*PROBLEM*
Pictures must not appear in the copy. Restate exactly the lines below from the one with "Závěs sněhulák/santa, dřevo, červená/zelená, 11x14x1cm|Ego" through the one with "획 두께의 대비 차이가", inclusive.

*** MATERIAL FOR THIS TASK ***

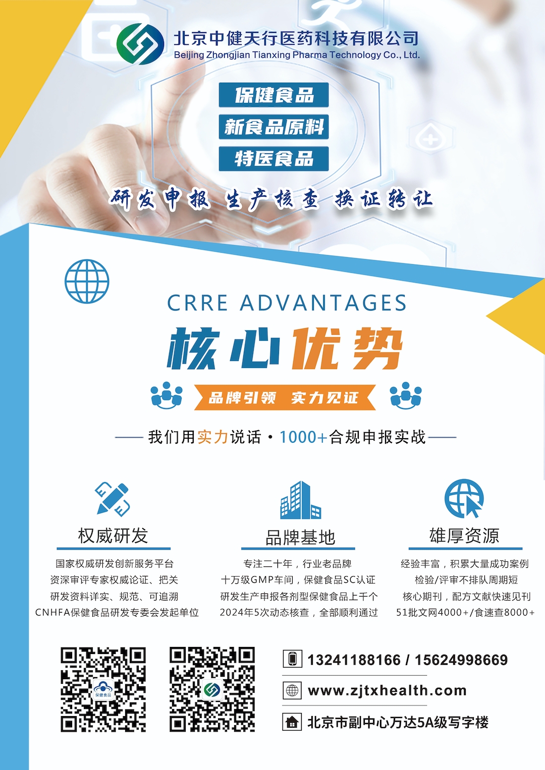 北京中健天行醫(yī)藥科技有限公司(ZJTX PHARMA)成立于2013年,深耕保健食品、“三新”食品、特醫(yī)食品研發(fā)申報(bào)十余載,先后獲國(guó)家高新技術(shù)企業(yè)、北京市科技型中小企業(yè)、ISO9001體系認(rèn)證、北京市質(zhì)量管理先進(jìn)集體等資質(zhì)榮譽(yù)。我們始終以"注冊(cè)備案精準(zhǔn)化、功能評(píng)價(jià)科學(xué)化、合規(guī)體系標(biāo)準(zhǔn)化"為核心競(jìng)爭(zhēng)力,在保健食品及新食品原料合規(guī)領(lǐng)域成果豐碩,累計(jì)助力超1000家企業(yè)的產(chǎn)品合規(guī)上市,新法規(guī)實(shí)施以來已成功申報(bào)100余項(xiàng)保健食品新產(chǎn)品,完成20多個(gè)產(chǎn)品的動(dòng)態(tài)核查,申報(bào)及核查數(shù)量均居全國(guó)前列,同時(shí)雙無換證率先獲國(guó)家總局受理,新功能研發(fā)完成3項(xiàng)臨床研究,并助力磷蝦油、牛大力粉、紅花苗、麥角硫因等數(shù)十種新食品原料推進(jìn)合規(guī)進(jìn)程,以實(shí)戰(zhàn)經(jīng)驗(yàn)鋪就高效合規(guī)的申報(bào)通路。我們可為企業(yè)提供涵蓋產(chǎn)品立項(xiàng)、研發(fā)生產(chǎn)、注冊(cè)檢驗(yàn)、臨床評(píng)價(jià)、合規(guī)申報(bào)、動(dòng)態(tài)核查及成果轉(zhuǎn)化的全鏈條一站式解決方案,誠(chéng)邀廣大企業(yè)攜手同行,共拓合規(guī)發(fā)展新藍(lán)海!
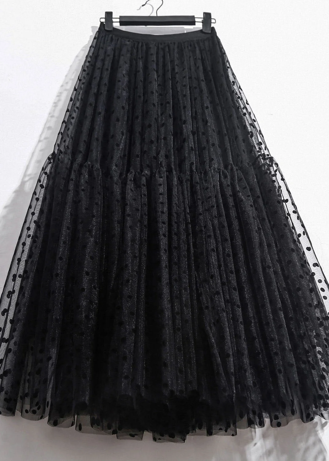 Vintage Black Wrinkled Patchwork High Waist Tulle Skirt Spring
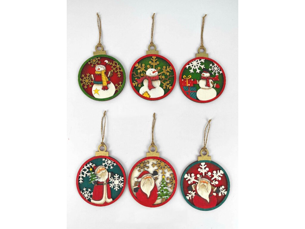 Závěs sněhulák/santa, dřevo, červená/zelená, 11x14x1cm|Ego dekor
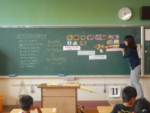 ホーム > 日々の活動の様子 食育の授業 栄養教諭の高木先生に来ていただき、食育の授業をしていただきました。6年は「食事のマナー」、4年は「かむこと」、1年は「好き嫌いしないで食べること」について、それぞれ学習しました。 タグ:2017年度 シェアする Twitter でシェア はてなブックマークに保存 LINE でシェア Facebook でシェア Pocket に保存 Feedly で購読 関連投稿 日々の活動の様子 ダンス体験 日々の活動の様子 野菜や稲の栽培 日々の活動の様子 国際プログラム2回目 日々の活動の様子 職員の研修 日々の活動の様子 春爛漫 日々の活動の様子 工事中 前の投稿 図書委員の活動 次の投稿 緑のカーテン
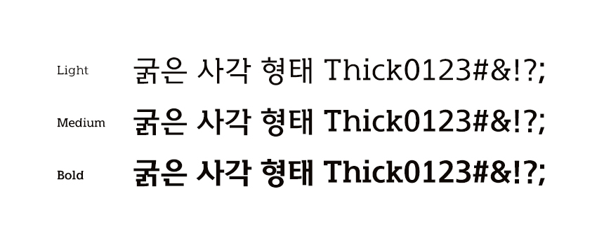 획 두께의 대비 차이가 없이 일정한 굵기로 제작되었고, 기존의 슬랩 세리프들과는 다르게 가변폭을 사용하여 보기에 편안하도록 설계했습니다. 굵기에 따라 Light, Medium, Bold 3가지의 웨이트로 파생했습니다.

*** End of MATERIAL FOR THIS TASK ***
*** MATERIAL FOR THIS TASK ***

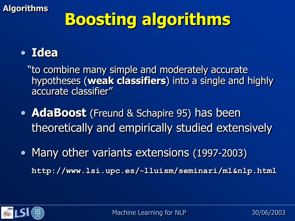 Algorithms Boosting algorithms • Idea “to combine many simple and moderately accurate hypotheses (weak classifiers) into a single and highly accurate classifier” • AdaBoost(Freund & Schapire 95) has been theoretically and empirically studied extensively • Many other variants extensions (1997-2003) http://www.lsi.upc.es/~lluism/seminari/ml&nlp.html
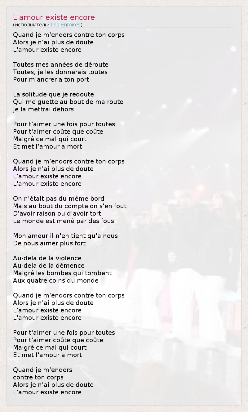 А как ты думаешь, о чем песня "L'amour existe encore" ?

*** End of MATERIAL FOR THIS TASK ***
*** MATERIAL FOR THIS TASK ***

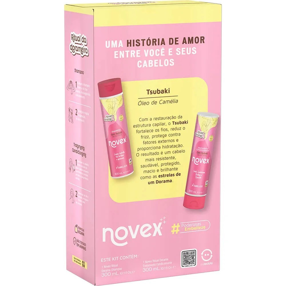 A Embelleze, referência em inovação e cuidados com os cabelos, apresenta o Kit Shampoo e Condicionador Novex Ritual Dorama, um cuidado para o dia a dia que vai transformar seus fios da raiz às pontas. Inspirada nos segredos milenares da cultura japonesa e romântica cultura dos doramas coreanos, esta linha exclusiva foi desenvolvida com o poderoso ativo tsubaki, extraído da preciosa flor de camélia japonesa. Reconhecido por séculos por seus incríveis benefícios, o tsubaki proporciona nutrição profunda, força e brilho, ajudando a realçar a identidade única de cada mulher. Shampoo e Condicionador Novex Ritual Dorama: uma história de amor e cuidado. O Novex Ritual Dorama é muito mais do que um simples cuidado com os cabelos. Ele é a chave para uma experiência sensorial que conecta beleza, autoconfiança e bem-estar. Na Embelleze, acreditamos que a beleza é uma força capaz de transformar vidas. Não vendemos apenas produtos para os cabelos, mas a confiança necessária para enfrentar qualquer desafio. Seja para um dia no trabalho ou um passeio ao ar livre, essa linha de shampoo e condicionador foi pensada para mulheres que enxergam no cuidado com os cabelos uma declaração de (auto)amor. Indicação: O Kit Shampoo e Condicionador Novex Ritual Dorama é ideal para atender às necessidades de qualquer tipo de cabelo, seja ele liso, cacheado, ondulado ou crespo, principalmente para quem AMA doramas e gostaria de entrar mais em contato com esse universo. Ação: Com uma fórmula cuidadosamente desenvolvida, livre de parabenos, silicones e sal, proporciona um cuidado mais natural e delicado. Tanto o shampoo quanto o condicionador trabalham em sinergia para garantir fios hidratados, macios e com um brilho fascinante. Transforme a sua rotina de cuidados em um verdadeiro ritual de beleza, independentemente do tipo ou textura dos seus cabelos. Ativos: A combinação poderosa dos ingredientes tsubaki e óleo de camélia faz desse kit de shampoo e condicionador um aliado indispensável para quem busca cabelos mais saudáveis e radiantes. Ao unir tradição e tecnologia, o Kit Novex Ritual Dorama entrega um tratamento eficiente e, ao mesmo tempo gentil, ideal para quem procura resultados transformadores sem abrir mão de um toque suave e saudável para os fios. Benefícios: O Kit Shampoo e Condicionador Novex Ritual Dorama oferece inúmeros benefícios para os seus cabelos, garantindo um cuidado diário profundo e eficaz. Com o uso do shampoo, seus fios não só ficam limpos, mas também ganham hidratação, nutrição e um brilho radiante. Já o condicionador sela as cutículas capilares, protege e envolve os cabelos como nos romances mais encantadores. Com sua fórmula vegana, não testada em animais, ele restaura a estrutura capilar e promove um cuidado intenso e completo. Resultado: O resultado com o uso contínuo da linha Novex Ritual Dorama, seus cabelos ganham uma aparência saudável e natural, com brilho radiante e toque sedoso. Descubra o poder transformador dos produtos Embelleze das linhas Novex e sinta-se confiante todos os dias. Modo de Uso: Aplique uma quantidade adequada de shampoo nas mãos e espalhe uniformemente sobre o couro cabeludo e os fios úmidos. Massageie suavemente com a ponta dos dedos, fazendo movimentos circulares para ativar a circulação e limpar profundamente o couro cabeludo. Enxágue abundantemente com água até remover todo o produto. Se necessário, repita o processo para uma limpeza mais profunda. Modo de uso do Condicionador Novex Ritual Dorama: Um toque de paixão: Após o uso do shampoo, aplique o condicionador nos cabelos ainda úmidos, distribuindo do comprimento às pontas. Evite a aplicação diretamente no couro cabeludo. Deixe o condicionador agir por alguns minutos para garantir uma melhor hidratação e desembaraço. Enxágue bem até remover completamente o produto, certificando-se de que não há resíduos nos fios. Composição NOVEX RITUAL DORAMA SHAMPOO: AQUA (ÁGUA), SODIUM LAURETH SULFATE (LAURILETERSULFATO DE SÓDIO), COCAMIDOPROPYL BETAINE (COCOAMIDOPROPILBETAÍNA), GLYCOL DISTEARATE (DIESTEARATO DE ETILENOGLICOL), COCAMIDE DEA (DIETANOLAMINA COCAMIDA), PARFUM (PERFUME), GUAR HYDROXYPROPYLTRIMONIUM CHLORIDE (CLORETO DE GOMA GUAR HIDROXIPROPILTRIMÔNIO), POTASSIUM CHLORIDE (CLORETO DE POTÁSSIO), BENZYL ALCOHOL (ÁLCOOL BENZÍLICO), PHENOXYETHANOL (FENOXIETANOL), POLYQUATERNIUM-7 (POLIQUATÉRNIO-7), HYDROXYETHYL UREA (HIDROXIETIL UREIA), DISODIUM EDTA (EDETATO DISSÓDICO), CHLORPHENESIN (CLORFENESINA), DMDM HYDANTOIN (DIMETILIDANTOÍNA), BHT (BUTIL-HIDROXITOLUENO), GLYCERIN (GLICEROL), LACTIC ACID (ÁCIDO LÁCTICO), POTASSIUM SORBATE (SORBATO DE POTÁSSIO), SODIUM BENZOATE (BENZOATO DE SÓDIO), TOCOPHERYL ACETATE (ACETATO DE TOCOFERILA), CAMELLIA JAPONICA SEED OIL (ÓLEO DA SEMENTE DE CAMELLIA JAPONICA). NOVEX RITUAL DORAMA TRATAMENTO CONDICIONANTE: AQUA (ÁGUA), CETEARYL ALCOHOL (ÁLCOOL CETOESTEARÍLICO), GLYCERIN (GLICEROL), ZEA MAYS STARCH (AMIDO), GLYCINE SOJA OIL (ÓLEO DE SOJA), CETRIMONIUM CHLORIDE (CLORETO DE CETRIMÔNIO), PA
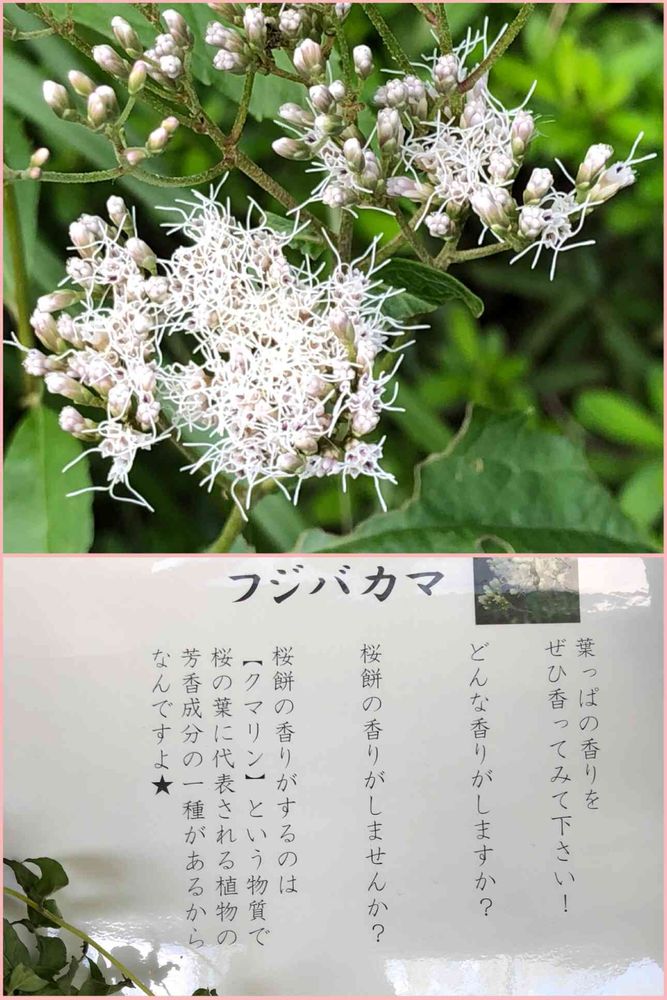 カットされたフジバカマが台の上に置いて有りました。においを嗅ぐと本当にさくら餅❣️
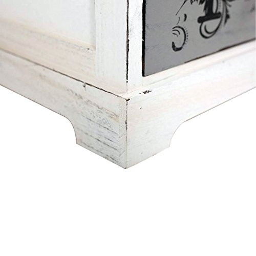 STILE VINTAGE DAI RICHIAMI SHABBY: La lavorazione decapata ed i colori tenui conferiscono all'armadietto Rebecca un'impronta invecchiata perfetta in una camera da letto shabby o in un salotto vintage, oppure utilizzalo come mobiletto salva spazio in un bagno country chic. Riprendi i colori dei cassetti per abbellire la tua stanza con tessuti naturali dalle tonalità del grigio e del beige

*** End of MATERIAL FOR THIS TASK ***

*ANSWER SPACE*
 Závěs sněhulák/santa, dřevo, červená/zelená, 11x14x1cm|Ego dekor
 ホーム > 日々の活動の様子 食育の授業 栄養教諭の高木先生に来ていただき、食育の授業をしていただきました。6年は「食事のマナー」、4年は「かむこと」、1年は「好き嫌いしないで食べること」について、それぞれ学習しました。 タグ:2017年度 シェアする Twitter でシェア はてなブックマークに保存 LINE でシェア Facebook でシェア Pocket に保存 Feedly で購読 関連投稿 日々の活動の様子 ダンス体験 日々の活動の様子 野菜や稲の栽培 日々の活動の様子 国際プログラム2回目 日々の活動の様子 職員の研修 日々の活動の様子 春爛漫 日々の活動の様子 工事中 前の投稿 図書委員の活動 次の投稿 緑のカーテン
 획 두께의 대비 차이가 없이 일정한 굵기로 제작되었고, 기존의 슬랩 세리프들과는 다르게 가변폭을 사용하여 보기에 편안하도록 설계했습니다. 굵기에 따라 Light, Medium, Bold 3가지의 웨이트로 파생했습니다.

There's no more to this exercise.